- [WHAT YOU SHOULD DO]
Write out the whole listing exactly; no images belong in it.

- [DATA]
******************************

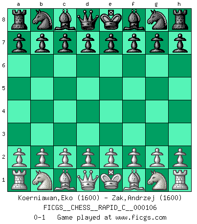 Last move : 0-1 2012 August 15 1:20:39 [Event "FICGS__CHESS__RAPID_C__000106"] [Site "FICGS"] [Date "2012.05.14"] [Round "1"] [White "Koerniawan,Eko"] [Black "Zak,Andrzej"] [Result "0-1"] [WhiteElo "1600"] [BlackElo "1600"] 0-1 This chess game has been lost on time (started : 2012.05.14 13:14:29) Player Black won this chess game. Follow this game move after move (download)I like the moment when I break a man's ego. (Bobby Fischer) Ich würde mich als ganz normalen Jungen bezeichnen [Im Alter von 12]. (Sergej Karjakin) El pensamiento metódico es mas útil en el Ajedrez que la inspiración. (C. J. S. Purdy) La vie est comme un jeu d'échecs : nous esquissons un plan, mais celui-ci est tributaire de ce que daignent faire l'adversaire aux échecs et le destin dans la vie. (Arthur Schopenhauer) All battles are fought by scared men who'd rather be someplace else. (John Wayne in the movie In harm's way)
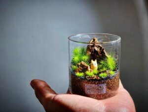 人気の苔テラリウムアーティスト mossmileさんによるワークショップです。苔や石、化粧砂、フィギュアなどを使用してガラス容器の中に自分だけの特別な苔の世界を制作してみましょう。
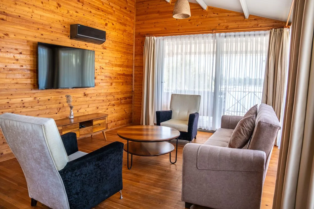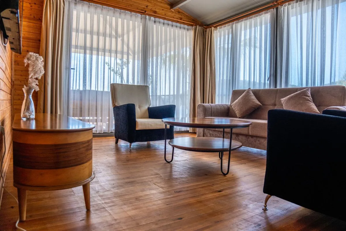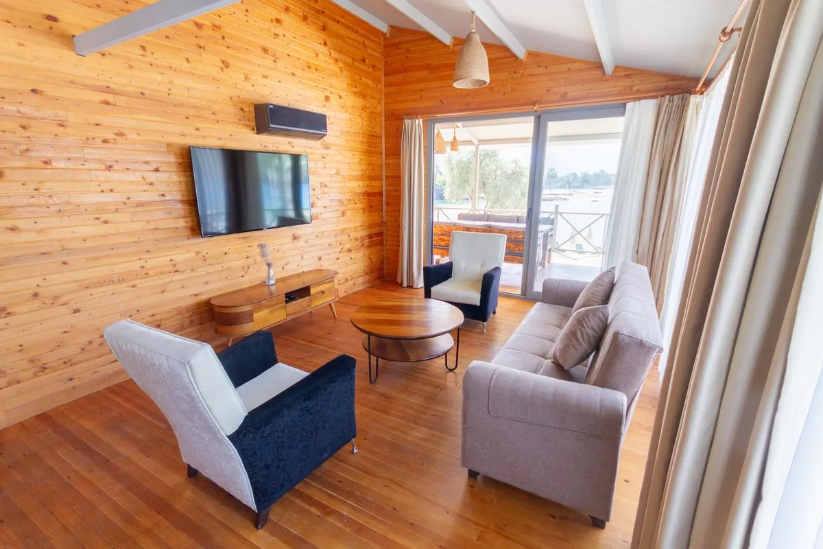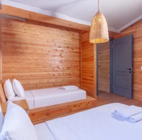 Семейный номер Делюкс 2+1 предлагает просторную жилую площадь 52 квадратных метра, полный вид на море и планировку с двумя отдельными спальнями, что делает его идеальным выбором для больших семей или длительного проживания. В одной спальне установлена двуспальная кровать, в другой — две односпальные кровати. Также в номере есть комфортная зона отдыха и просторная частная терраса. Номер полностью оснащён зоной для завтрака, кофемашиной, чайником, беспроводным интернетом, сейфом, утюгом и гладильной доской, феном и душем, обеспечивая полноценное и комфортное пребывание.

******************************

- [OUTPUT]
 Last move : 0-1 2012 August 15 1:20:39 [Event "FICGS__CHESS__RAPID_C__000106"] [Site "FICGS"] [Date "2012.05.14"] [Round "1"] [White "Koerniawan,Eko"] [Black "Zak,Andrzej"] [Result "0-1"] [WhiteElo "1600"] [BlackElo "1600"] 0-1 This chess game has been lost on time (started : 2012.05.14 13:14:29) Player Black won this chess game. Follow this game move after move (download)I like the moment when I break a man's ego. (Bobby Fischer) Ich würde mich als ganz normalen Jungen bezeichnen [Im Alter von 12]. (Sergej Karjakin) El pensamiento metódico es mas útil en el Ajedrez que la inspiración. (C. J. S. Purdy) La vie est comme un jeu d'échecs : nous esquissons un plan, mais celui-ci est tributaire de ce que daignent faire l'adversaire aux échecs et le destin dans la vie. (Arthur Schopenhauer) All battles are fought by scared men who'd rather be someplace else. (John Wayne in the movie In harm's way)
 人気の苔テラリウムアーティスト mossmileさんによるワークショップです。苔や石、化粧砂、フィギュアなどを使用してガラス容器の中に自分だけの特別な苔の世界を制作してみましょう。
 Семейный номер Делюкс 2+1 предлагает просторную жилую площадь 52 квадратных метра, полный вид на море и планировку с двумя отдельными спальнями, что делает его идеальным выбором для больших семей или длительного проживания. В одной спальне установлена двуспальная кровать, в другой — две односпальные кровати. Также в номере есть комфортная зона отдыха и просторная частная терраса. Номер полностью оснащён зоной для завтрака, кофемашиной, чайником, беспроводным интернетом, сейфом, утюгом и гладильной доской, феном и душем, обеспечивая полноценное и комфортное пребывание.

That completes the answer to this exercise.